And what's with this racing to the scene with red lights and siren? In real life the CSI works on dead people and taking finger prints and vacuuming up trace evidence. There's no need for them to rush to a scene. Crime scenes are secured by police officers until the investigation is completed.

Can you imagine driving along and you see red lights behind, and then you pull over and stop, and the guy gets out of his unit and informs you that he's a crime scene investigator and wants to see your license, registration and proof of insurance? WTH? I'm not a scene!!! If you're a CSI then please go find a scene to investigate! 

And what about their main office? It's an architectural show place! What government building did you ever see with all that interior decoration and transparent panels and mood lighting and vast spaces? Real CSI investigators probably often work in basement and sub-basement labs, fluorescent lit and never a hint of sunlight or views outside. I've worked in electronic labs like that, no frills other than the fancy equipment and you could work all day and all night and never know what the weather outside is like or whether the sun is up or down.

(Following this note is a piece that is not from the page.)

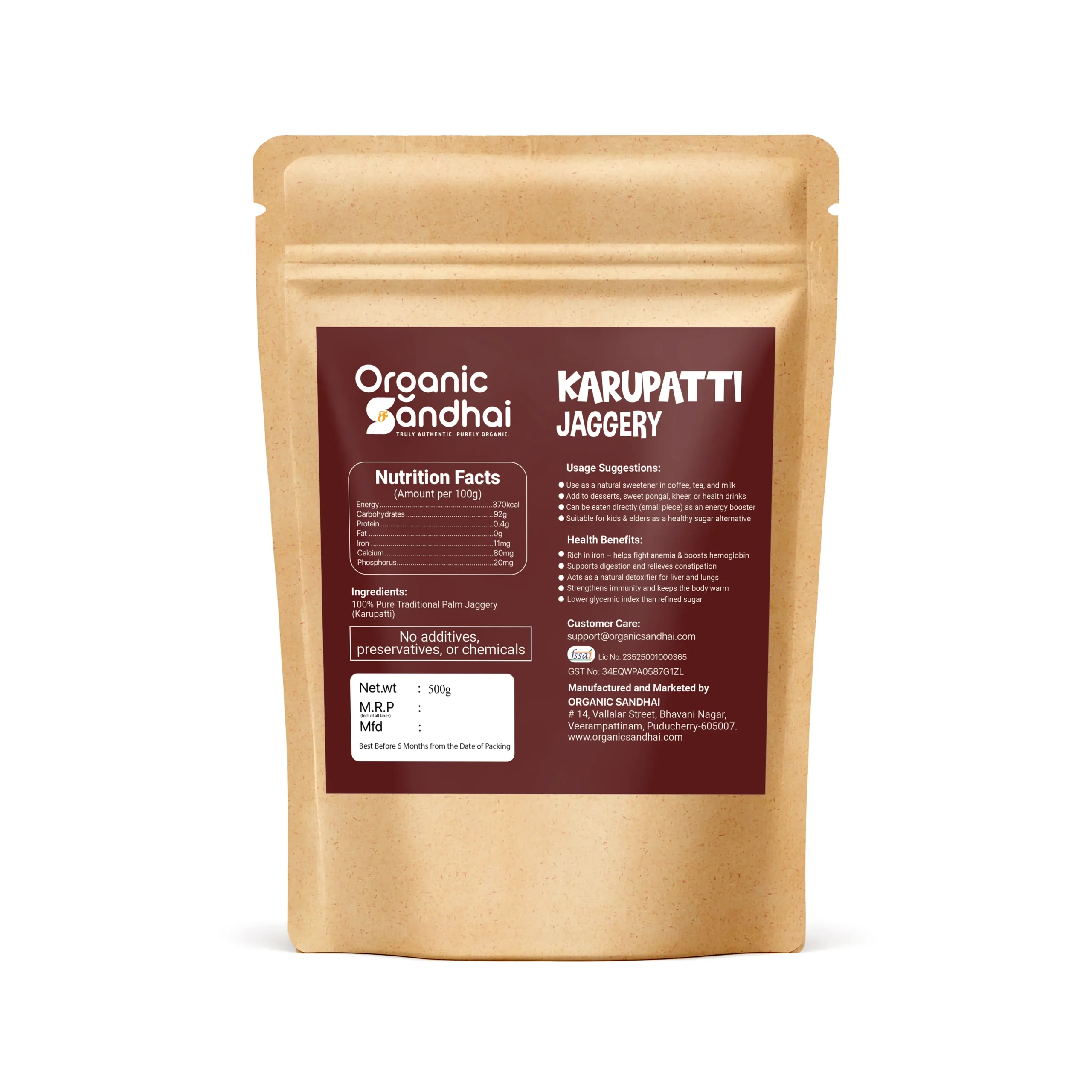 Sourced from traditional palm trees and made using age-old methods, Organic Sandhaiโs Karupatti Jaggery is a natural sweetener packed with iron, magnesium, and essential minerals. Unlike refined sugar, karupatti is chemical-free, unrefined, and supports digestion, immunity, and energy levels.
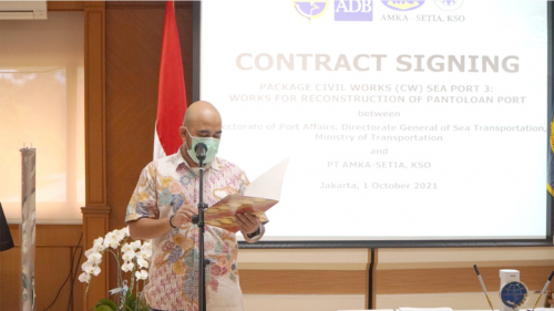 Penandatanganan kontrak dilakukan oleh Senior Vice President Infrastruktur PT. Amarta Karya (Persero), Donald Pandapotan Silalahi bersama Pejabat Pembuat Komitmen Satuan Kerja Peningkatan Fungsi Kepelabuhanan Pusat, Fandhika Putera Santoso dan disaksikan oleh Pelaksana Tugas (Plt) Direktur Jenderal Perhubungan Laut dalam hal ini diwakili Direktur Kepelabuhanan, Subagiyo.

That's what real life labs look like, not places that could appear in Architectural Digest.

So what do you think about the CSI TV series? I think they're so far off reality that I can't even stand to watch it. I used to be a fan but all the flaws just kept building up until my opinion of the show died the death of a thousand cuts.

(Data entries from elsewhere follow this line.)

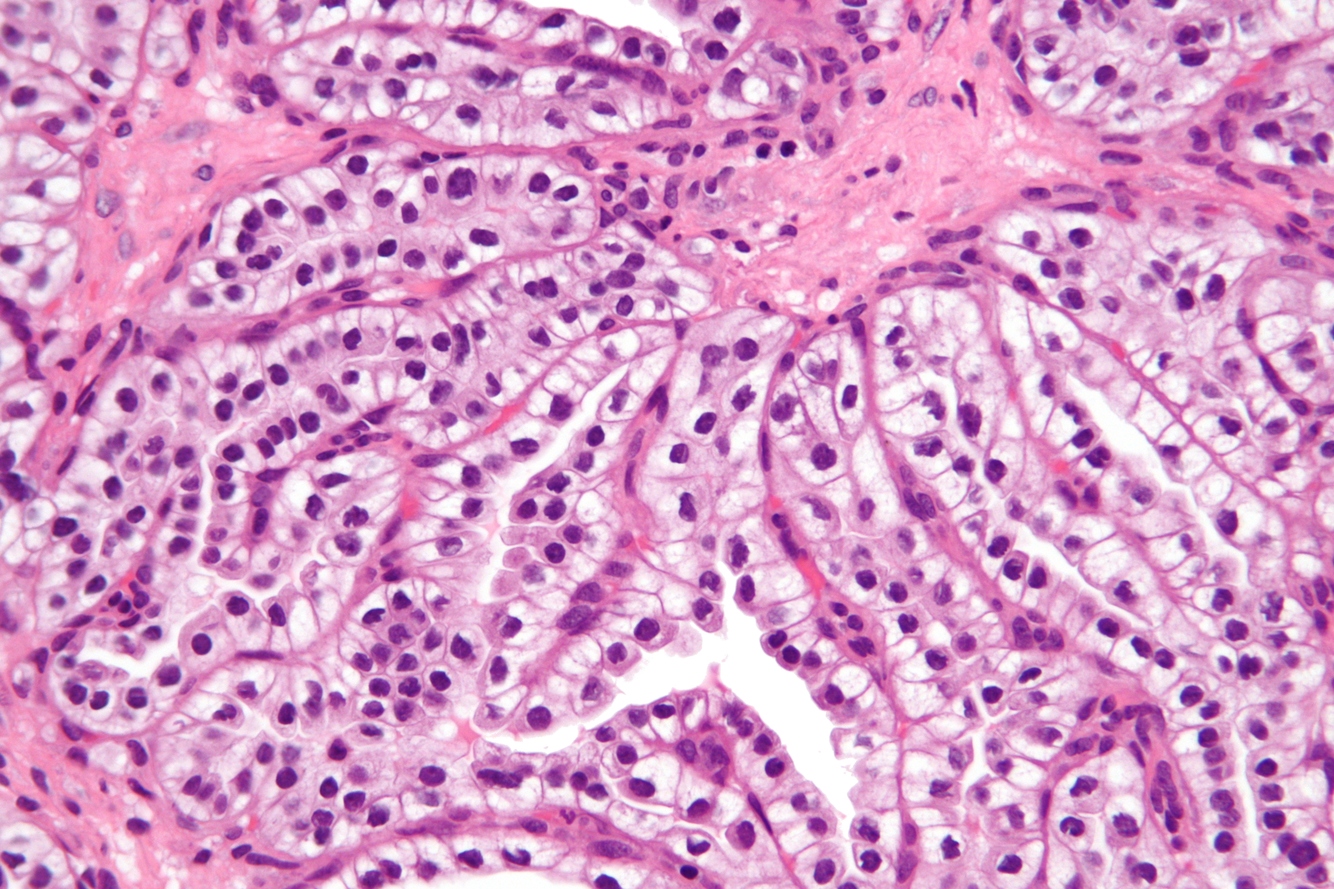 Low-grade clear cell neoplasm with a papillary or tubular architecture. Features include clear cells with small, dense, dark nuclei, cells arrarnged on delicate fibrovascular cores or packed into tight tubules, and may show cystic degeneration. Tumors are often small and well-circumscribed or encapsulated.
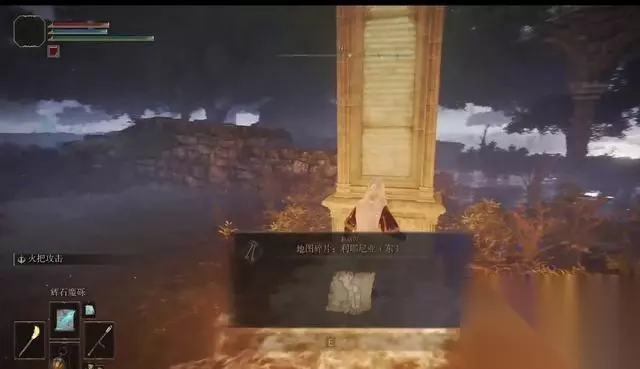 3.随后到关卡前方激活福赐,看到本作防火女,获得马;然后去关前废墟里面,触摸营地里的石碑,获得地图碎片:宁姆格福西,解锁地图。
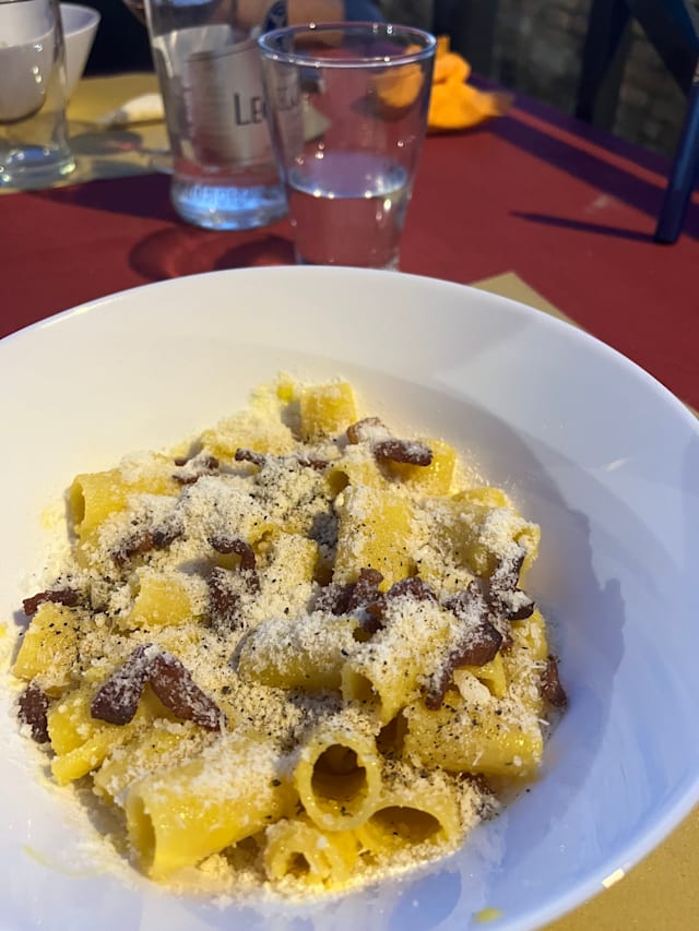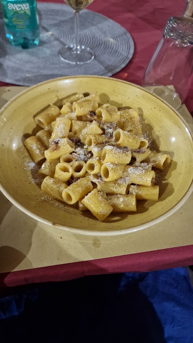- Pasta con guanciale, pepe, pomodoro e pecorino
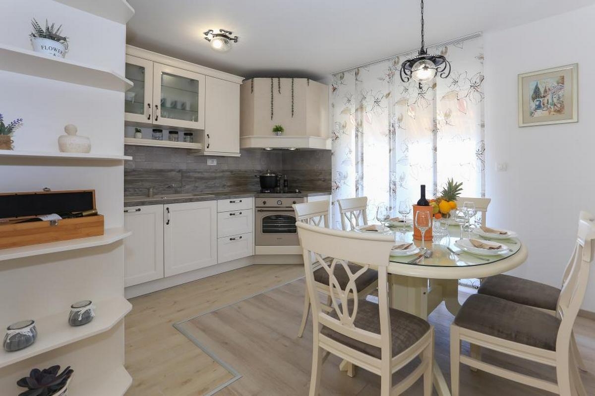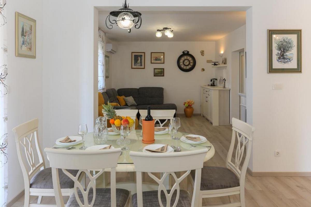Apartament może przyjąć 7 gości. Łóżka znajdują się w sypialniach, których jest 3, na powierzchni 102m2. Goście mają dostęp do balkonu, by korzystać z ciepłych, letnich wieczorów. Z apartamentu roztacza się widok na morze. Możliwość przygotowywania posiłków poprzez korzystanie ze wspólnego grilla. WLICZONE W CENĘ: taksa pobytowa, sprzątanie końcowe, klimatyzacja, parking, internet, rower, łóżeczko dziecięce, żelazko, deska do prasowania, suszarka do włosów. NIEOBOWIĄZKOWE KOSZTY DODATKOWE: dostawka (15,00 € za nocleg). Dostępność dodatkowych usług w rezerwowanym terminie oraz ich cenę (jeśli nie jest podana) należy sprawdzić wcześniej. Za dodatowe usługi, które nie zostały uwzględnione w kalkulacji ceny, płaci się bezpośrednio właścicielowi obiektu, pod warunkiem śe gość korzysta z tych usług. Zniżki od ceny podstawowej: bezpłatny dzień 14=13 (przy pobycie, trwającym co najmniej 14 dni, otrzymujecie jeden bezpłatny dzień na pobyt do 31.12.2026).
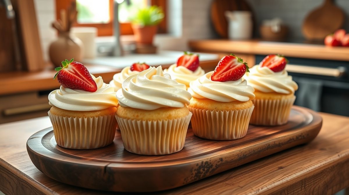 Shortcake Vanilla Cupcakes em uma bandeja rústica, com frosting suave e brilhante de mascarpone, decorados com morangos frescos, ambiente de cozinha aconchegante com luz natural
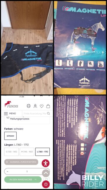 Wie neu , nur 5x benutzt wegen Pferdeverkauf abzugeben. Gr. L Inklusive Bedienungsanleitung. Die Magnetotherapie ist eine medizinische Methodologie, die mit Hilfe von Magnetfeldern Pathologien behandelt. Durch die Magnetfelder wird der Mikro-Blut- und Lymphkreislauf, der Austausch und die Nutzung der Nährsubstanzen seitens der Zellen und die natürlichen biologischen Abwehrkräfte und die Eliminierung der Stoffwechselschlacken erleichtert und gefördert. Zusätzlich wird mit Hilfe der Magnetfelder eine erhebliche Verbesserung bei Entzündungsprozessen erzielt. Die Besserung ist sowohl durch eine Reduzierung des Entzündungsprozesses als auch durch eine gleichzeitige schmerzlindernde Wirkung gegenüber den Nervenfasern des Gewebes bedingt. Außerdem regt sie eine bessere Durchblutung an, entspannt den Muskel und lindert Schwellungen. Die Produktion von Elastin und Collagen wird angeregt, welche zum Wiederaufbau des Gewebes wichtig sind.
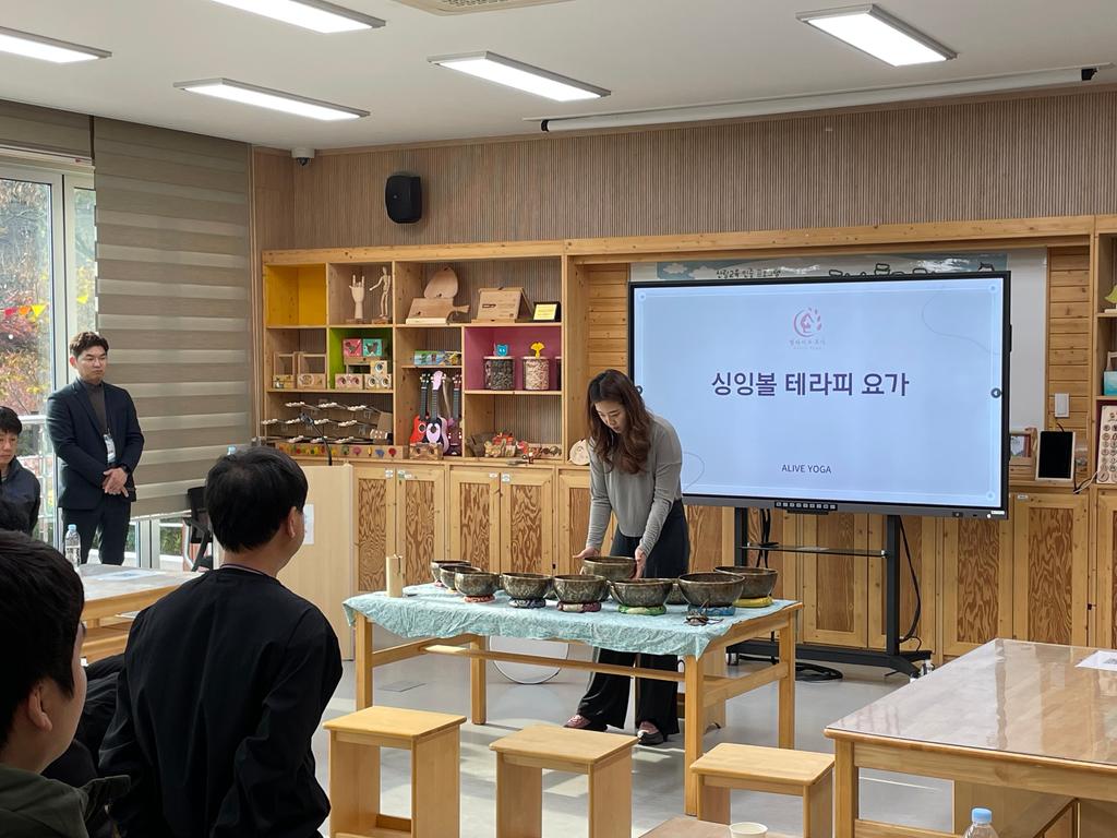 오전에는 싱잉볼 힐링 프로그램과 요가 테라피를 통해 일상 업무에서 쌓인 피로를 해소하고, 근골격계 질환 예방을 위한 실용적인 동작을 배우는 시간을 가졌다. 이어 진행된 명상과 호흡 이완 프로그램은 참가자들의 심신 안정과 집중력 향상에 도움을 주었다.

I think GLC and Charlie might agree with me. What say the rest of you?


----------



## Andy M. (Feb 13, 2012)

I look at it this way:  All TV comedy and drama asks you to suspend reality to a lesser or greater extent.  Really, which bothers you more, Horatio's Hummer or vampires, ghost whisperers, extra-terrestrials or martial arts that require the suspension of the laws of gravity?

You seem to have focused on the Miami version of CSI.  I find that the most objectionable version and stopped watching it years ago.  All your comments aside, who ever worked with that many great looking women who dressed in revealing clothes!?  Now, THAT'S unbelievable!


----------



## Barbara L (Feb 13, 2012)

As I've always said, if we want to watch reality, we can just sit around and look at each other.  

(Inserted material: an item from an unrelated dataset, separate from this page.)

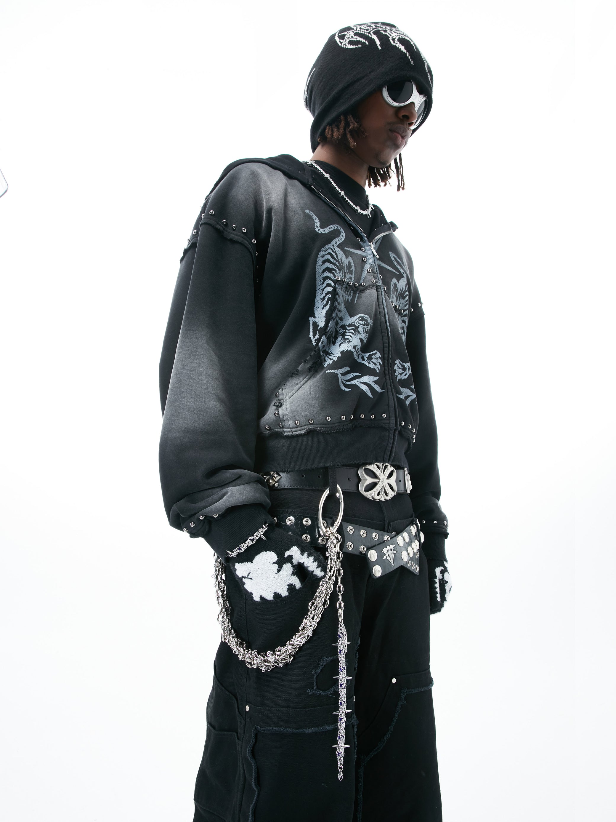 Exclusively designed by HOWSS, this multi‑chain piece distills raw punk style into wearable form. Layered high‑polish metal alloy chains collide with barbed spikes to create tension, structure and street style. Look closely and you might even see a mischievous silhouette — almost like an edgy, twisted Mickey hiding in plain sight. Bold and versatile, it’s made for trendsetters who break the rules.
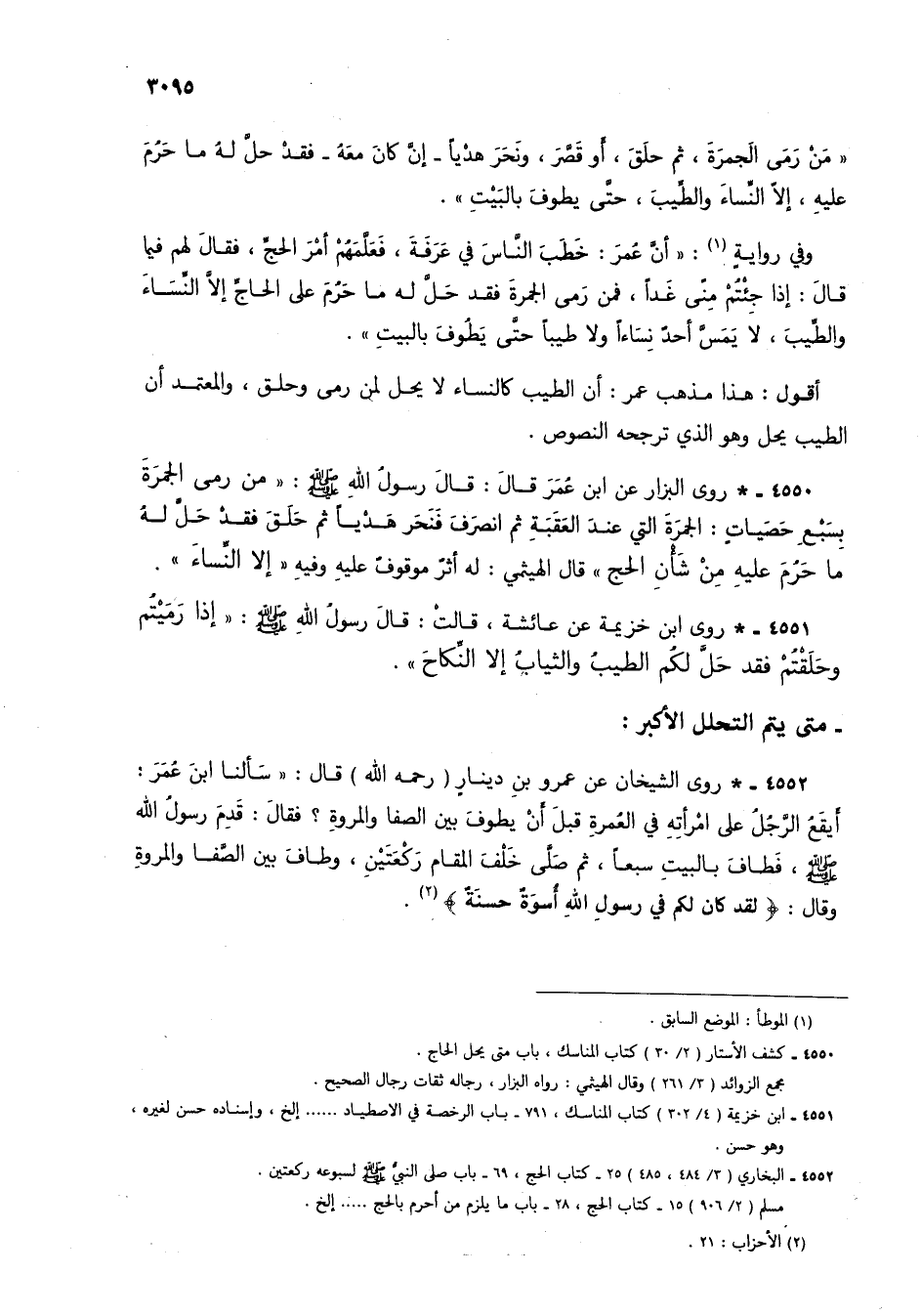 4550 - * روى البزار عن ابن عمر قال: قال رسول الله صلى الله عليه وسلم: "من رمى الجمرة بسبعِ حصياتٍ: الجمرة التي عند العقبةِ ثم انصرف فنحر هدياً ثم حلق فقد حل له ما حرُمَ عليه من شأن الحج" قال الهيثمي: له أثرٌ موقوفٌ عليه وفيه "إلا النساء".

Good points, but I still enjoy watching some shows that aren't totally grounded in realism.  We spout off now and then about how "that couldn't really happen," etc., but we still enjoy it.


----------



## Andy M. (Feb 13, 2012)

Barbara L said:


> As I've always said, if we want to watch reality, we can just sit around and look at each other.
> 
> Good points, but I still enjoy watching some shows that aren't totally grounded in realism.  We spout off now and then about how "that couldn't really happen," etc., but we still enjoy it.




I absolutely agree.  Suzanne sometimes scoffs at the stuff we watch and I remind her, "It's not supposed to be realistic, it's television."


----------



## Greg Who Cooks (Feb 13, 2012)

Yeah, Andy, I know what you mean about Hummer driving CSI lieutenants vs. vampires and ETs. Maybe my problem is that the CSI stuff is closer to the real reality, and that the vampire/ET stuff is so distant that there's no dissonance with real life. I think some CSI fans may not even realize that much of the CSI technical stuff is bogus. I'm from a scientific occupation and probably know too much about the real technical reality.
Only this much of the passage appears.